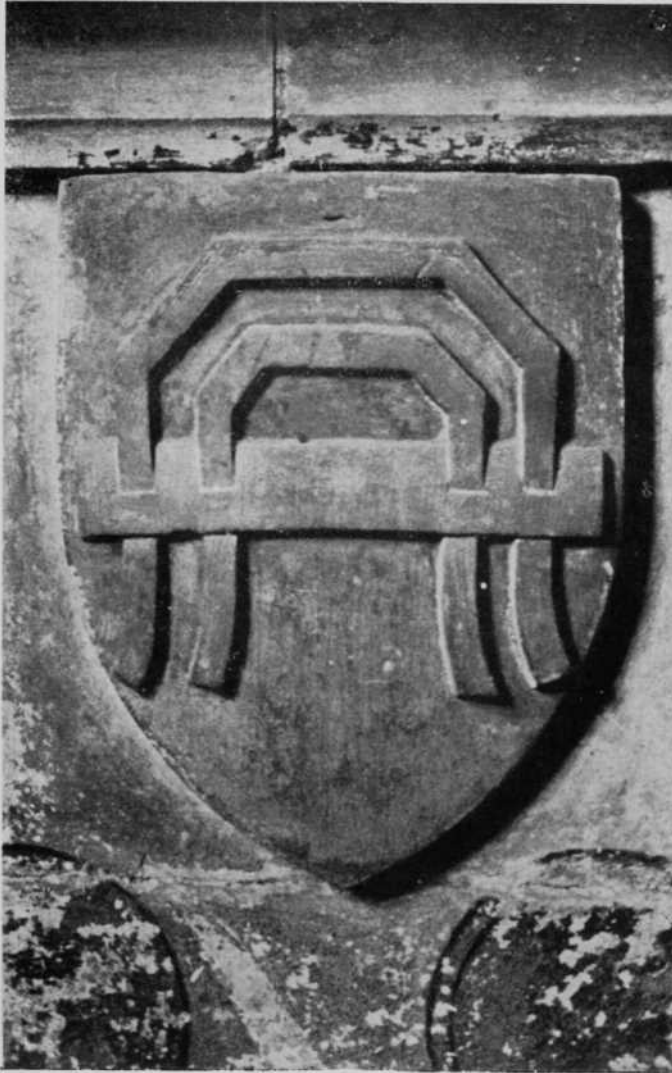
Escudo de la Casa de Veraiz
^^^^^^^^
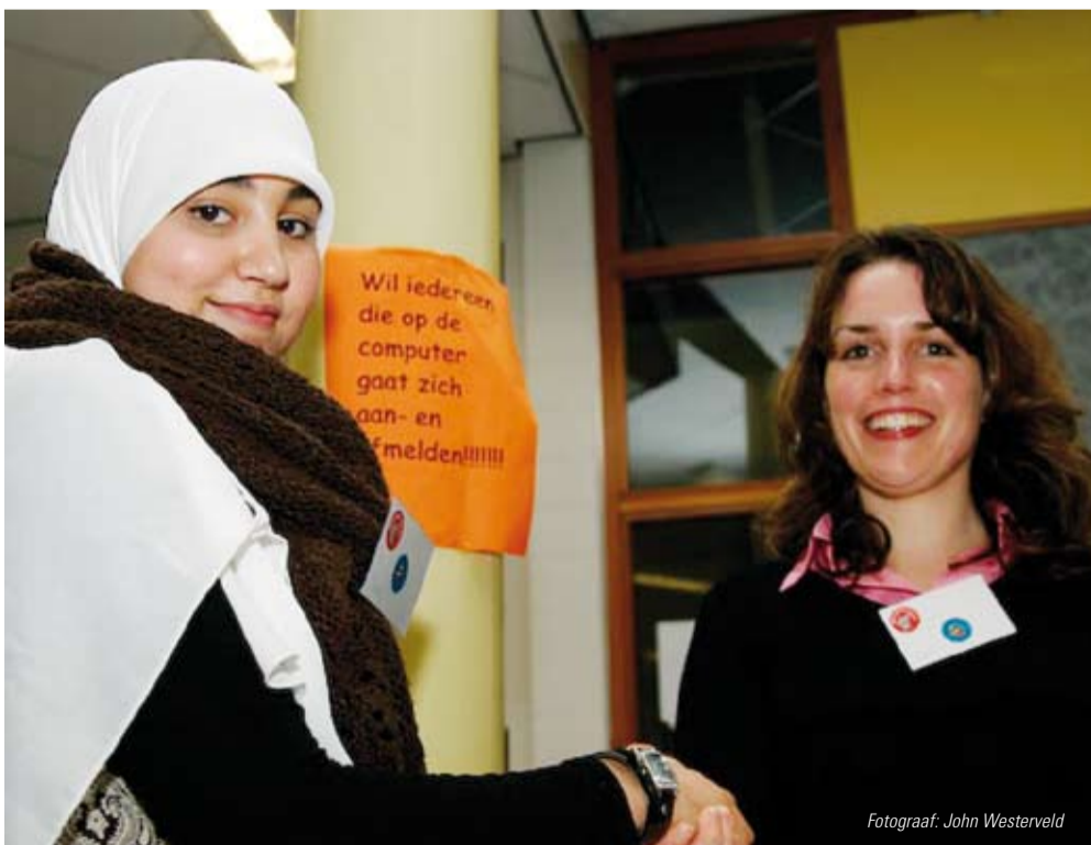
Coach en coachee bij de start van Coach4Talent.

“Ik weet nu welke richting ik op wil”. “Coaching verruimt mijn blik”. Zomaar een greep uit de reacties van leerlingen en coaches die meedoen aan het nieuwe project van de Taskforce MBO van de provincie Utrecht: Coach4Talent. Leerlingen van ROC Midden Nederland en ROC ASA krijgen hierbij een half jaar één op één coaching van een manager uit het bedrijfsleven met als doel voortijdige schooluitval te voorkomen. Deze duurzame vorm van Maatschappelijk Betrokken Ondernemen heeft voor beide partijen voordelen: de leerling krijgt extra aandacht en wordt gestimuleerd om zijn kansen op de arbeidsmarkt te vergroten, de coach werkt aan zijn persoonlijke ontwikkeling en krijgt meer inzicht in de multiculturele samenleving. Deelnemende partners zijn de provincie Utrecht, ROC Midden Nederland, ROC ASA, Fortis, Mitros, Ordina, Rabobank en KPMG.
^^^^^^^^
§ WORK TO BE COMPLETED: Looking back over the data above, restate word for word the lines that begin at the line with "Coach en coachee" and end at the line with "Rabobank en KPMG.", inclusive.

§ ANSWER TO THIS PROBLEM:
Coach en coachee bij de start van Coach4Talent.

“Ik weet nu welke richting ik op wil”. “Coaching verruimt mijn blik”. Zomaar een greep uit de reacties van leerlingen en coaches die meedoen aan het nieuwe project van de Taskforce MBO van de provincie Utrecht: Coach4Talent. Leerlingen van ROC Midden Nederland en ROC ASA krijgen hierbij een half jaar één op één coaching van een manager uit het bedrijfsleven met als doel voortijdige schooluitval te voorkomen. Deze duurzame vorm van Maatschappelijk Betrokken Ondernemen heeft voor beide partijen voordelen: de leerling krijgt extra aandacht en wordt gestimuleerd om zijn kansen op de arbeidsmarkt te vergroten, de coach werkt aan zijn persoonlijke ontwikkeling en krijgt meer inzicht in de multiculturele samenleving. Deelnemende partners zijn de provincie Utrecht, ROC Midden Nederland, ROC ASA, Fortis, Mitros, Ordina, Rabobank en KPMG.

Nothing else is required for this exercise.